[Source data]
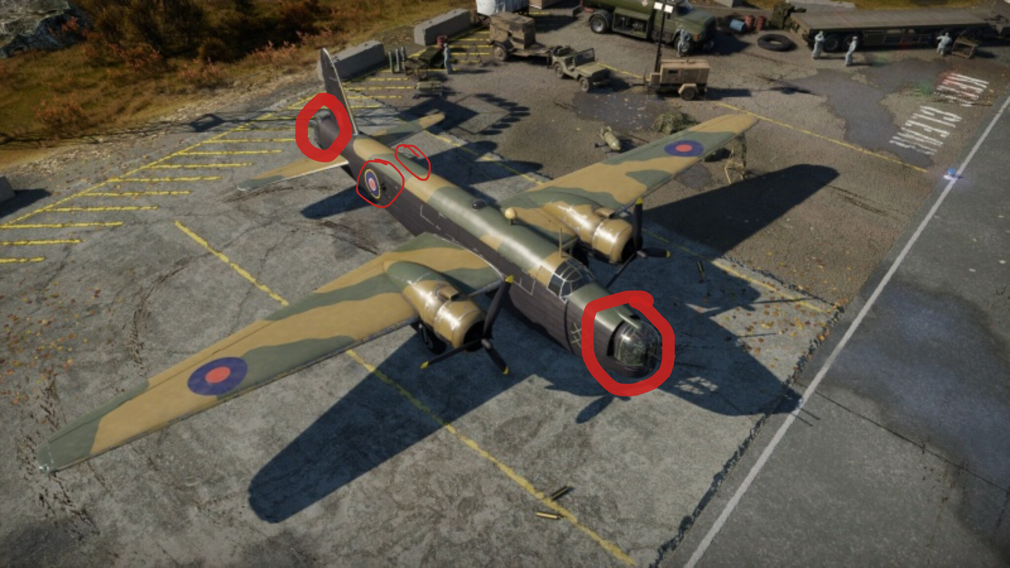 The Wellingtons are a vulnerable bunch of planes. The earlier variants, the Mk Ic and Mk Ic/Late, have no armor protection. Both later variants, the Mk III and Mk X, have one sheet of 9 mm steel behind the pilot’s head, which is useful in keeping the single pilot alive. All Wellingtons possess self-sealing fuel tanks. As previously mentioned, the lack of a co-pilot makes the Wellington very weak to pilot snipes. This is an issue with a lot of British bombers.
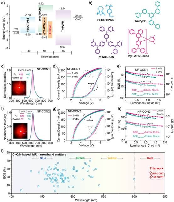 基于溶液加工法制备的OLED器件展现了优异的电致发光性能。以NF-CON2为发光材料的器件在628 nm处发出纯红色光,半峰宽仅为37 nm,色度坐标达到(0.665, 0.333)。器件性能方面,NF-CON2器件实现了24.2%的最大外量子效率,在1000 cd m-2亮度下保持23.8%的高效率。这是首例电致发光峰超过600 nm且半峰宽小于40 nm的纯红色C=O/N多重共振OLED器件。
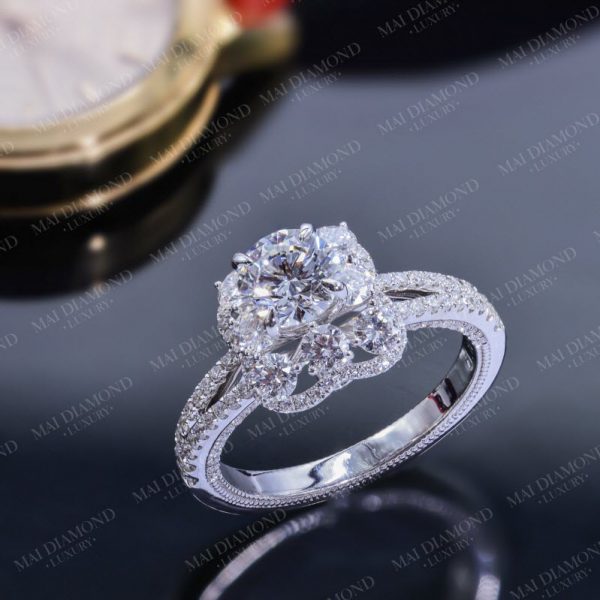 Đính giữa mặt nhẫn sẽ là viên kim cương chủ tự nhiên quý hiếm với giác cắt tròn rất tinh xảo và chuẩn xác. Mặt nhẫn được các nghệ nhân khéo léo tạo kiểu với các viên kim cương nhỏ ôm quanh 4 chấu thanh mảnh, tạo thành hình một bông hoa rạng rỡ, vừa thanh cao vừa duyên dáng. Các viên kim cương nhỏ tự nhiên được đính kết tỉ mỉ sẽ giúp tô điểm cho vẻ đẹp lấp lánh, quyến rũ của viên kim cương chủ ở vị trí trung tâm.
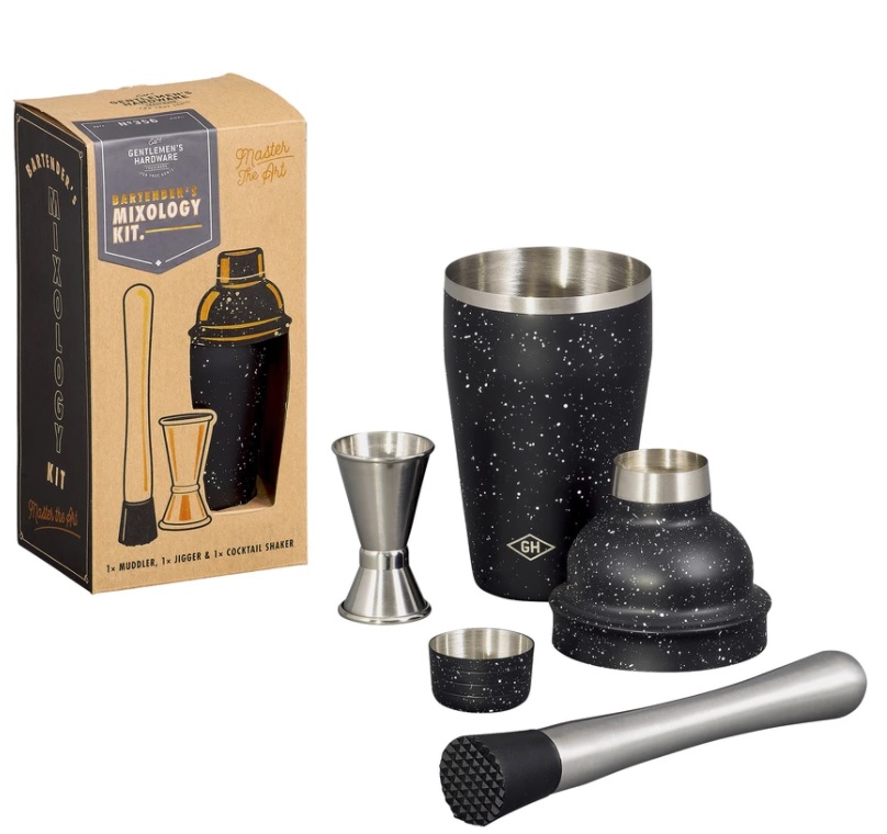 Set de accesorii pentru prepararea cocktailurilor contine: un pahar pentru amestecat (shaker) din otel inoxidabil cu capacitatea de 500ml, o masura pentru bauturi (15-30ml) si un pistil (muddler) pentru zdrobirea diverselor ingrediente necesare.
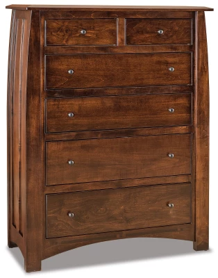 Featuring six drawers mounted to full extension slides, the Castle Rock 6-Drawer Bureau is an excellent pick for anyone who needs to add extra storage to their master bedroom. Use this chest to store clothes, extra bed linens, or any other necessities that you see fit. This piece is hand crafted by Amish artisans using solid wood and mortise and tenon joinery to ensure that it will last for generations to come. Along with this, each drawer will extend fully to allow you to make use of every inch of space.Use the menu that is provided to select the wood, stain, and hardware that you prefer. If you would like your Castle Rock 6-Drawer Bureau to look like it is featured in the photo, simply select Brown Maple as your wood and Winter Bark for your stain.
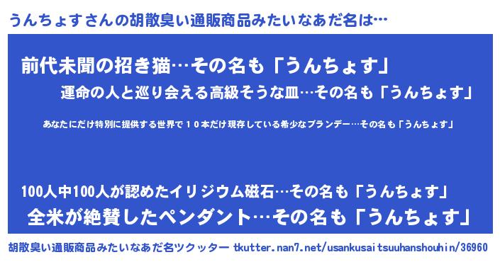 | 意味不明あだ名 | 『住所不定無職うんちょす(79歳)』 |

Instructions to follow: Give the data again exactly, image-free.

Output for this task:
 The Wellingtons are a vulnerable bunch of planes. The earlier variants, the Mk Ic and Mk Ic/Late, have no armor protection. Both later variants, the Mk III and Mk X, have one sheet of 9 mm steel behind the pilot’s head, which is useful in keeping the single pilot alive. All Wellingtons possess self-sealing fuel tanks. As previously mentioned, the lack of a co-pilot makes the Wellington very weak to pilot snipes. This is an issue with a lot of British bombers.
 基于溶液加工法制备的OLED器件展现了优异的电致发光性能。以NF-CON2为发光材料的器件在628 nm处发出纯红色光,半峰宽仅为37 nm,色度坐标达到(0.665, 0.333)。器件性能方面,NF-CON2器件实现了24.2%的最大外量子效率,在1000 cd m-2亮度下保持23.8%的高效率。这是首例电致发光峰超过600 nm且半峰宽小于40 nm的纯红色C=O/N多重共振OLED器件。
 Đính giữa mặt nhẫn sẽ là viên kim cương chủ tự nhiên quý hiếm với giác cắt tròn rất tinh xảo và chuẩn xác. Mặt nhẫn được các nghệ nhân khéo léo tạo kiểu với các viên kim cương nhỏ ôm quanh 4 chấu thanh mảnh, tạo thành hình một bông hoa rạng rỡ, vừa thanh cao vừa duyên dáng. Các viên kim cương nhỏ tự nhiên được đính kết tỉ mỉ sẽ giúp tô điểm cho vẻ đẹp lấp lánh, quyến rũ của viên kim cương chủ ở vị trí trung tâm.
 Set de accesorii pentru prepararea cocktailurilor contine: un pahar pentru amestecat (shaker) din otel inoxidabil cu capacitatea de 500ml, o masura pentru bauturi (15-30ml) si un pistil (muddler) pentru zdrobirea diverselor ingrediente necesare.
 Featuring six drawers mounted to full extension slides, the Castle Rock 6-Drawer Bureau is an excellent pick for anyone who needs to add extra storage to their master bedroom. Use this chest to store clothes, extra bed linens, or any other necessities that you see fit. This piece is hand crafted by Amish artisans using solid wood and mortise and tenon joinery to ensure that it will last for generations to come. Along with this, each drawer will extend fully to allow you to make use of every inch of space.Use the menu that is provided to select the wood, stain, and hardware that you prefer. If you would like your Castle Rock 6-Drawer Bureau to look like it is featured in the photo, simply select Brown Maple as your wood and Winter Bark for your stain.
 | 意味不明あだ名 | 『住所不定無職うんちょす(79歳)』 |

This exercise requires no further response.